As an entrance it was unbeatable. The Finnish conductor Leif Segerstam is impressive enough just to look at - nearly as wide as he is tall, with a magnificent mane of hair, voluminous beard and eyes that twinkle halogenically. On reaching the podium he opened the score of his Symphony No 35 wide to the auditorium and flicked through the first few pages. Of course, none of us could see a note from that distance. But that wasn't the point. The score, Segerstam explained, was open to us in another sense. This symphony required no conductor. It was chamber music on a massive scale. We were to relate directly to the City of Birmingham Symphony Orchestra as a creative collective of musicians, while he went off to the side of the stage to play the second piano part.
There was something hallucinatory about the experience. The symphony - subtitled Flashbacking Backwardsly - is mostly a dense collage of sounds. Surging string lines, blazing brass chords, shrill woodwind birdsong and a host of other noises struggle for prominence then fall back into the general melee.
Some of it was baffling, but it was rarely long before some new, striking detail caught the ear. It was hard to believe the orchestra was directorless. Everything seemed to happen on cue; whole sections played as one; intensity and concentration never flagged.

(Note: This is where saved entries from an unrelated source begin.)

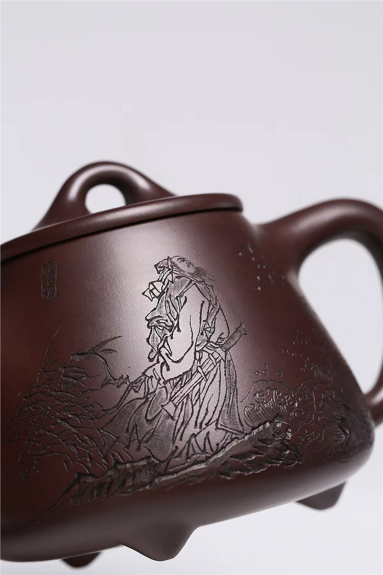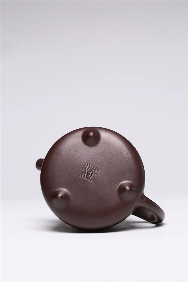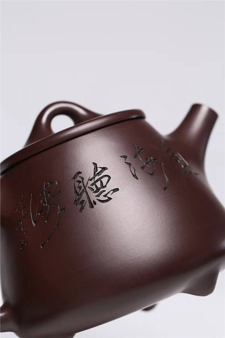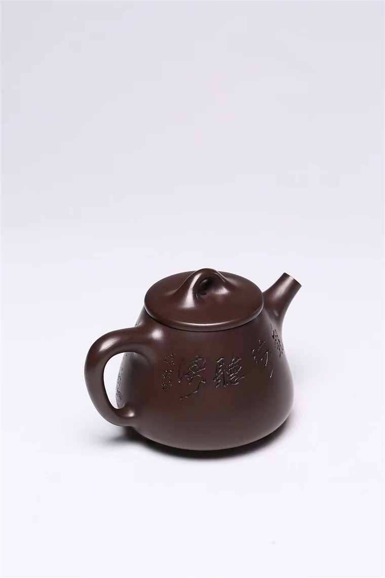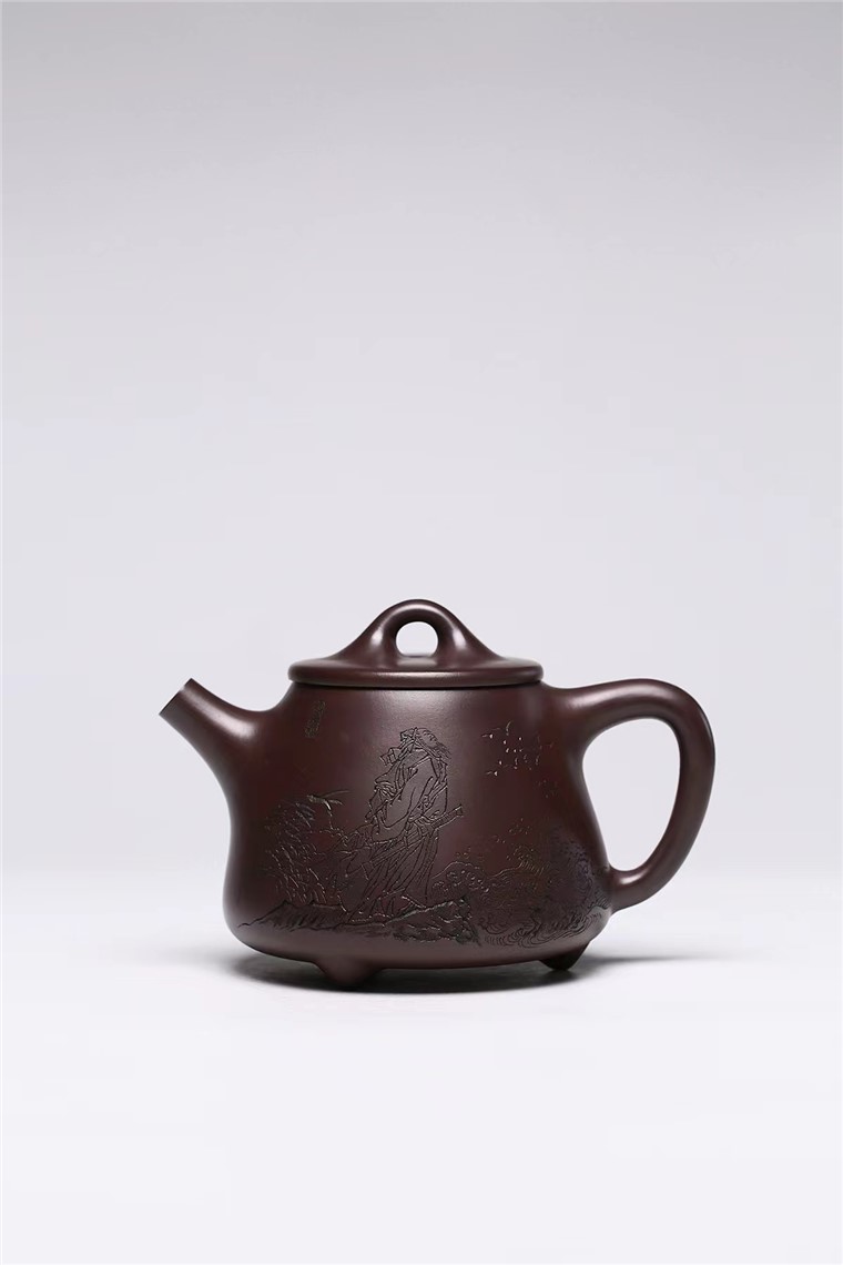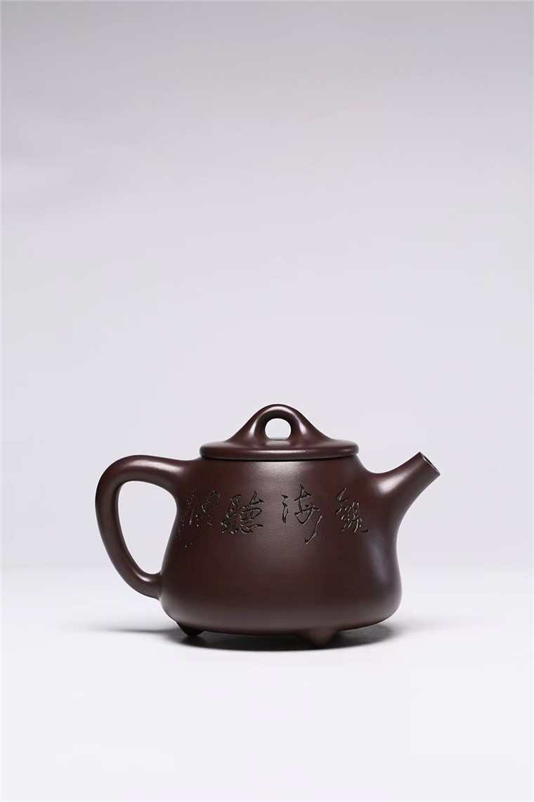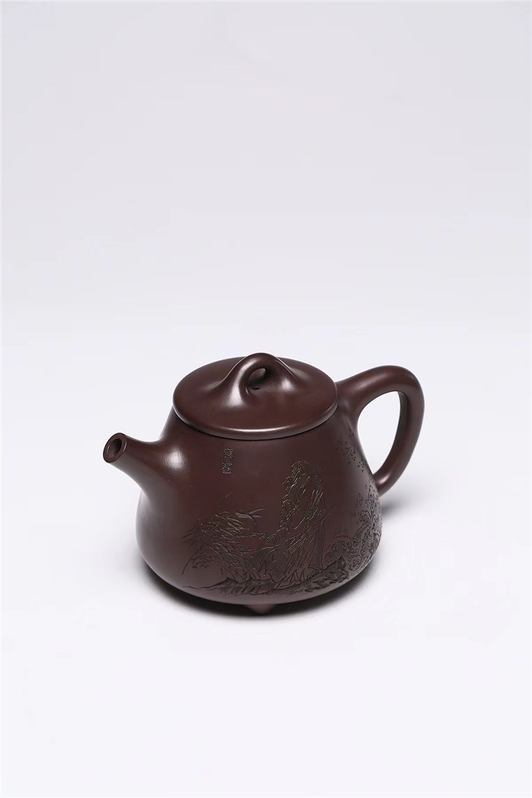此款高石瓢与传统石瓢壶有着异曲同工之妙,拔高的壶身让作品更显刚中有柔,和顺有力。平盖,压口严密,桥梁钮暗接与壶盖和谐统一。壶嘴短直暗接的处理,刚劲有力,圈把上浑下细,彰显曲线柔美之感。三乳足卧底,神韵自然,壶身刻绘,风度大气,回味无穷。
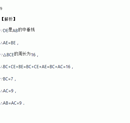 如图,在△ABC中,AB=AC,DE是AB的中垂线,△BCE的周长为16,BC=7,则AB的长为________.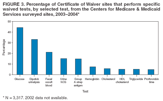 Medicare & Medicaid Services and studies funded by CDC during 1999--2003 evaluated testing practices in sites holding a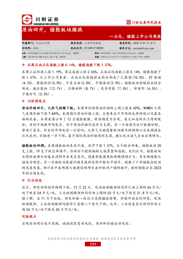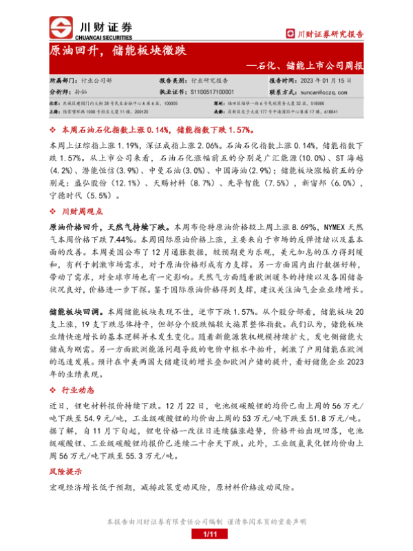 【川财证券】【20230115】20230115-川财证券-石化、储能上市公司周报:原油回升,储能板块微跌-11页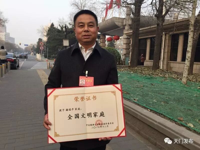 12日,第一届全国文明家庭表彰大会在京举行,天门谢端平家庭被评为“全国文明家庭”,并受到中共中央总书记、国家主席、中央军委主席习近平的亲切会见。

As for that title, Flashbacking Backwardsly, Segerstam's note told us, was written at the turn of the millennium and looked back at recent works (symphonies 26-34, all composed in 1999) as though "experiencing an ending backwards". However confusing the experience may have been from time to time, there was no denying that it was alive, not a bizarrely anachronistic Dada-ist experiment.
There was life in abundance too in Segerstam's performance of Mahler's Ninth Symphony - Segerstam very much the conductor this time. In some ways it was a typical composer's interpretation, bringing out details one might not have noticed before, reconsidering tempo-relations.
The sense of shape Segerstam brought to the long, structurally problematic work was remarkable - as though Mahler had taken lessons in organic logic at work from Segerstam's countryman Sibelius. It was also very moving, in a strangely unsentimental way.
Segerstam may be spectacularly eccentric, but he's a lot more as well. This evening there were more than glimpses of something close to genius.